**Input records:**

========

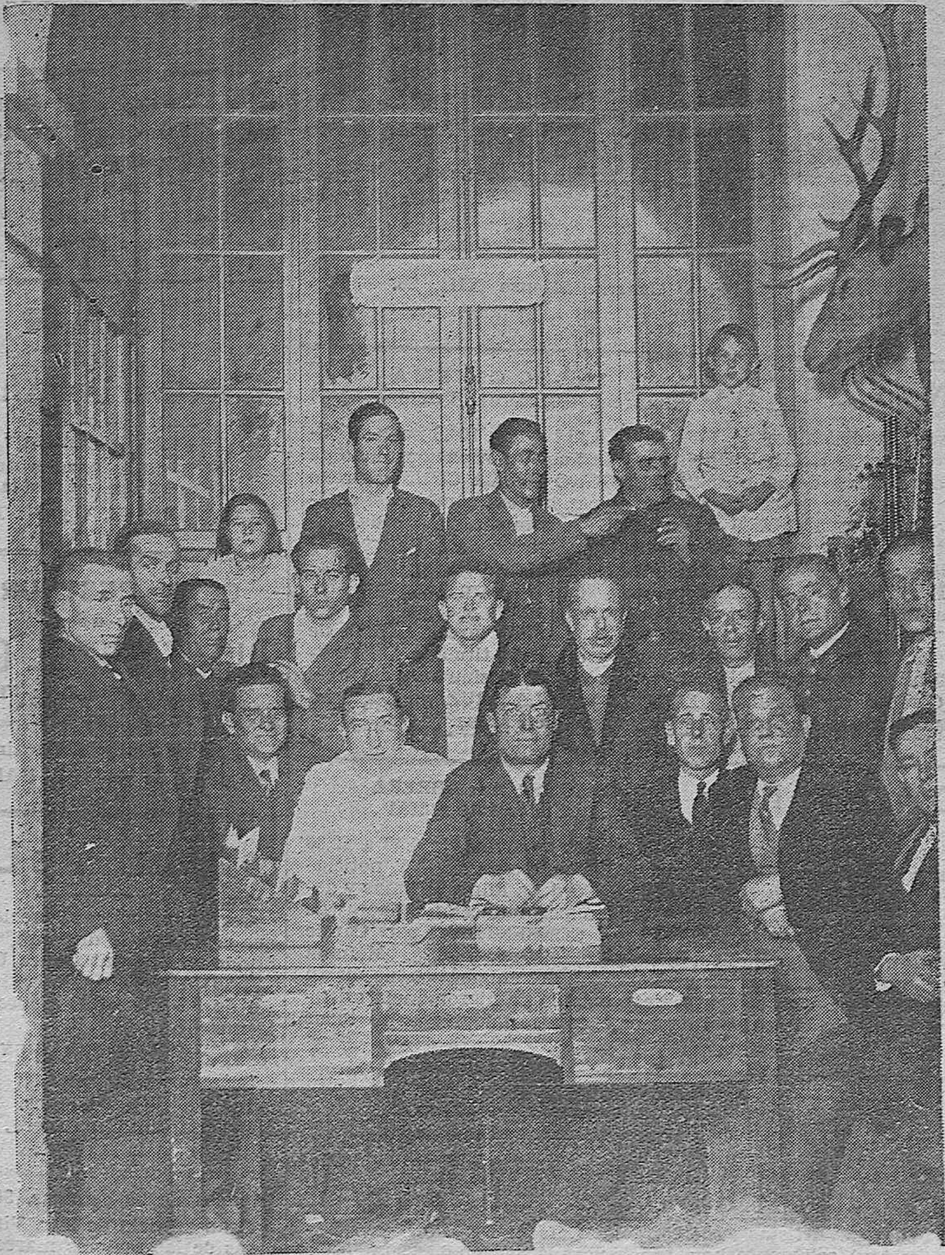
NOTA GRAFICA.—La nueva directiva de la Sociedad de Caza y Pesca, con algunos de los socios después de la Junta general. (Fotos Santes).
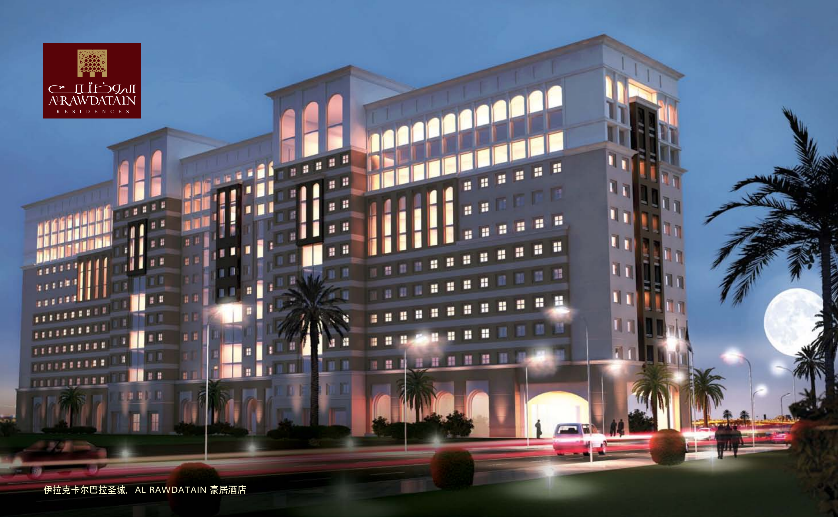
伊拉克卡尔巴拉圣城, AL RAWDATAIN 豪居酒店
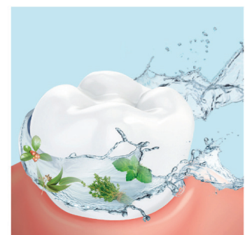
Mundspülung mit antibakterieller Wirkung
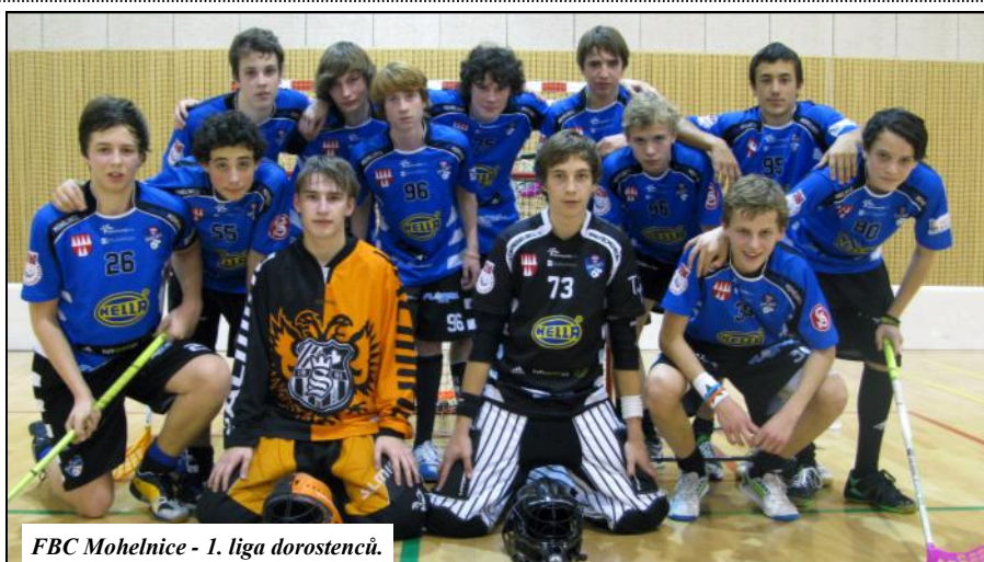
FBC Mohelnice - 1. liga dorostenců.

Sezóna zahájila se už koncem září a mohelnická družstva právě dohrávají podzimní části soutěží. Mohelnický florbalový klub vyslal do bojů 10 týmů. Je vidět správná práce s mládeží, jelikož mládežnická družstva FBC Mohelnice obsazují přední příčky na svých turnajích. Starší žáci se ve své olomoucké lize drží ve střední části tabulky. Chloubou mohelnického oddílu jsou týmy dorostenců a juniorů, kteří hrají celostátní soutěže. Dorostenci sbírají cenné zkušenosti v nejvyšší možné lize pro tuto kategorii v ČR s názvem 1. liga dorostenců - divize IV, nutno podotknout, že jsou v této lize poprvé a potřebují se herně „otřkat“. Mohelníci borci jsou však více než dobrými soupeři nejlepším týmům Moravy. Junioři válčí již druhou sezónu v 2. lize juniorů - divize IV a i pro ně je čest hrát celostátní soutěž se špičkovými kluby na vynikající úrovni. Mužské „béčko“ je naopak spokojeno se svými výsledky a drží se v olomouckém
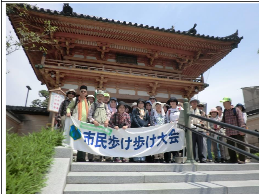
集合写真総持寺門前 10:32
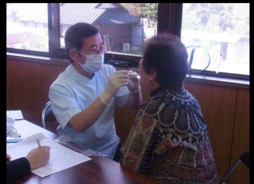
西川先生による歯科健診・指導

========

**Problem requirements:** Each record above should be duplicated word for word, with no pictures included.

**Written answer:**
NOTA GRAFICA.—La nueva directiva de la Sociedad de Caza y Pesca, con algunos de los socios después de la Junta general. (Fotos Santes).
伊拉克卡尔巴拉圣城, AL RAWDATAIN 豪居酒店
Mundspülung mit antibakterieller Wirkung
FBC Mohelnice - 1. liga dorostenců.

Sezóna zahájila se už koncem září a mohelnická družstva právě dohrávají podzimní části soutěží. Mohelnický florbalový klub vyslal do bojů 10 týmů. Je vidět správná práce s mládeží, jelikož mládežnická družstva FBC Mohelnice obsazují přední příčky na svých turnajích. Starší žáci se ve své olomoucké lize drží ve střední části tabulky. Chloubou mohelnického oddílu jsou týmy dorostenců a juniorů, kteří hrají celostátní soutěže. Dorostenci sbírají cenné zkušenosti v nejvyšší možné lize pro tuto kategorii v ČR s názvem 1. liga dorostenců - divize IV, nutno podotknout, že jsou v této lize poprvé a potřebují se herně „otřkat“. Mohelníci borci jsou však více než dobrými soupeři nejlepším týmům Moravy. Junioři válčí již druhou sezónu v 2. lize juniorů - divize IV a i pro ně je čest hrát celostátní soutěž se špičkovými kluby na vynikající úrovni. Mužské „béčko“ je naopak spokojeno se svými výsledky a drží se v olomouckém
集合写真総持寺門前 10:32
西川先生による歯科健診・指導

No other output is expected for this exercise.